▶ _PROBLEM TO WORK ON_
Your answer should hold exactly the lines beginning with the one that contains "Cute baby bunny" and ending with the last line of the material, both included. Leave every picture out.
SUPPLIED INFORMATION below:
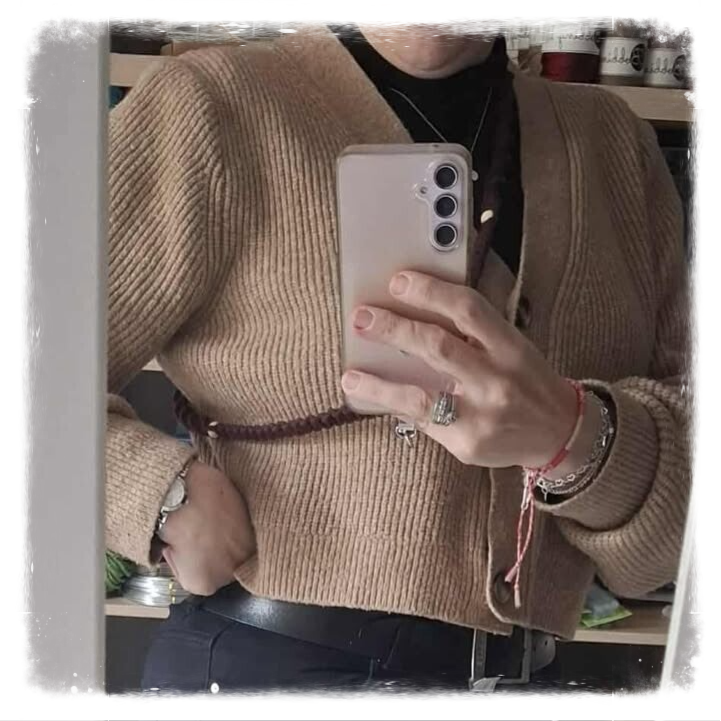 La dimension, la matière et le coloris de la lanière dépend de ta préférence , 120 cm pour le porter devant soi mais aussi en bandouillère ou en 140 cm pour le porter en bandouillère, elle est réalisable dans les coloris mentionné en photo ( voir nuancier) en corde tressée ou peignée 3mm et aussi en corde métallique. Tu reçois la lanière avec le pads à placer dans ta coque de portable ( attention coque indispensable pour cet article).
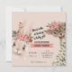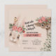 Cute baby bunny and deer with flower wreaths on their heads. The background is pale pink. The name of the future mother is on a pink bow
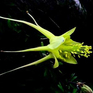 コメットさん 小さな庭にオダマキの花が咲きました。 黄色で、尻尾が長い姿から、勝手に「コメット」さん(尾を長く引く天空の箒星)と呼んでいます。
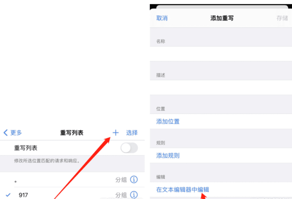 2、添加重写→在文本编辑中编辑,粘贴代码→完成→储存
End of SUPPLIED INFORMATION.
▶ _SOLUTION FOR THIS EXERCISE_
 Cute baby bunny and deer with flower wreaths on their heads. The background is pale pink. The name of the future mother is on a pink bow
 コメットさん 小さな庭にオダマキの花が咲きました。 黄色で、尻尾が長い姿から、勝手に「コメット」さん(尾を長く引く天空の箒星)と呼んでいます。
 2、添加重写→在文本编辑中编辑,粘贴代码→完成→储存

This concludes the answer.